Aziraphale let his head fall back as Crowley tugged gently at his hair. “I haven’t,” he agreed. He hadn’t; he’d never done anything like this; he felt raw, exposed, desperate to stop and to keep going. He hadn’t known his body could feel like this. He hadn’t known this was what having a body was for.
Crowley’s other hand was trailing down his back. Aziraphale didn’t know where his belt and waistcoat and jacket had gone, or when. A moment later, his trousers vanished too. He clung to the headboard like a life raft.
“You won’t,” Crowley suggested.
Little shocks of pleasure sparked up Aziraphale’s spine as Crowley’s long, clever fingers worked their way inside of him, slippery and insistent. They twisted, pressing knuckles mercilessly into sensitive places, and he gasped aloud.
The bed must have been enormous, because Crowley rolled them again, and they didn’t fall off. He pulled out his fingers and Aziraphale felt something hot and blunt pressing against him where he’d been worked open, a wordless question.
“Oh, yes, my dear,” he answered it aloud. And, wrapping his legs around his demon, he pulled him in, closer than close.
One of them gasped, though he didn’t know which. He could feel Crowley hot and hard and overwhelming inside him, and above him, and all around him, and he loved the newness of the feeling with a fierce, new love.
“All right?” Crowley said, searching his face as if he expected to find discomfort or regret. His hips were twitching forward like he didn’t know how to control them.
“Divine,” Aziraphale said. He brushed his hands over the smooth muscles of Crowley’s back, his biceps, his thighs, taking him in and feeling him withdraw, and then taking him in again. “It feels—oh, you can’t imagine.”

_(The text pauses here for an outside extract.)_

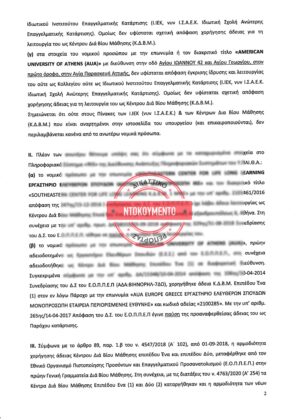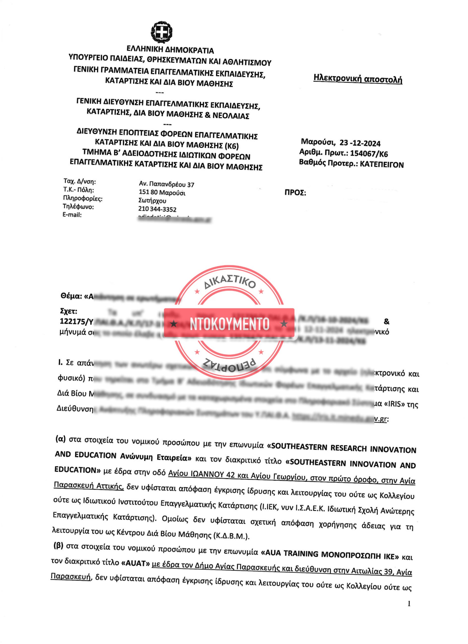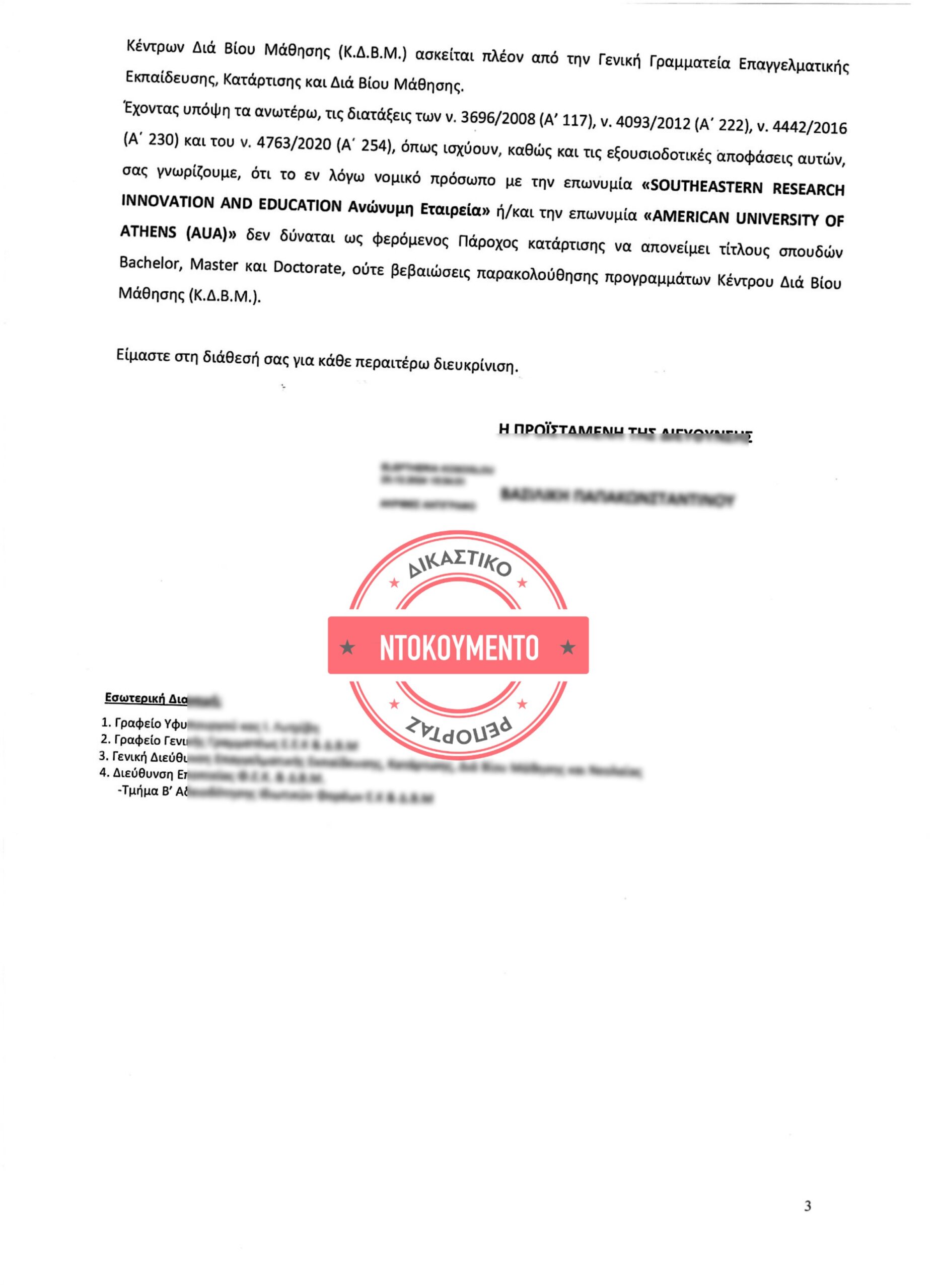 «Έχοντας υπόψη τα ανωτέρω, τις διατάξεις των ν. 3696/2008 (Α’ 117), ν. 4093/2012 (Α΄ 222), ν. 4442/2016 (Α΄ 230) και του ν. 4763/2020 (Α΄ 254), όπως ισχύουν, καθώς και τις εξουσιοδοτικές αποφάσεις αυτών, σας γνωρίζουμε, ότι το εν λόγω νομικό πρόσωπο με την επωνυμία «SOUTHEASTERN RESEARCH INNOVATION AND EDUCATIOΝ Ανώνυμη Εταιρεία» ή/και την επωνυμία «AMERICAN UNIVERSITY OF ATHENS (AUA)» δεν δύναται ως φερόμενος Πάροχος κατάρτισης να απονείμει τίτλους σπουδών Bachelor, Master και Doctorate, ούτε βεβαιώσεις παρακολούθησης προγραμμάτων Κέντρου Διά Βίου Μάθησης (Κ.Δ.Β.Μ.)» τονίζεται στο έγγραφο.

He remembered reading D.H. Lawrence, suddenly—sex, which breaks up our integrity, our single inviolability, our deep silence—and thought of all the other poems he hadn’t understood, all these years—all the time he’d wasted, rounded off and perfectly alone; in silence, not knowing—torn, to become whole again—
“Can I—” Crowley hitched Aziraphale’s leg higher and fucked into him once more, his hips flexing in sinuous movement. His face was screwed up in effort, dripping sweat. He was so beautiful Aziraphale felt it like a blow.
“Please,” Aziraphale breathed. “Please, like that—”
“I can’t—I’m going to—”
Crowley let go of Aziraphale’s leg and dropped to his elbows, shuddering.
“Yes,” Aziraphale said, “yes, oh yes, my dearest,” and felt Crowley come inside him, and came himself, unexpectedly, abruptly, like falling into some new heaven far below.
They lay in the aftermath and stared at the ceiling.
“With my body, I thee worship,” Aziraphale said, mostly to himself. Crowley, next to him, laughed out loud. It was a surprisingly young laugh, the kind of sound Anael might have made.
He should be grateful for Anael’s visit, really. He was grateful. He was also terribly glad that he’d gone away.
“I suppose that is what it means,” Crowley said, turning and bracing himself on one elbow. Aziraphale curled close to him, looking into his yellow eyes.
“Yes,” Aziraphale said. “I hadn’t quite seen how before, but it is, isn’t it.”
“Not quite the usual way of things for my kind.”
“Nor mine,” Aziraphale pointed out.
“Might work for our kind, though,” Crowley said softly. “I will if you will.”
Aziraphale tilted his head up for Crowley’s kiss. “I will.”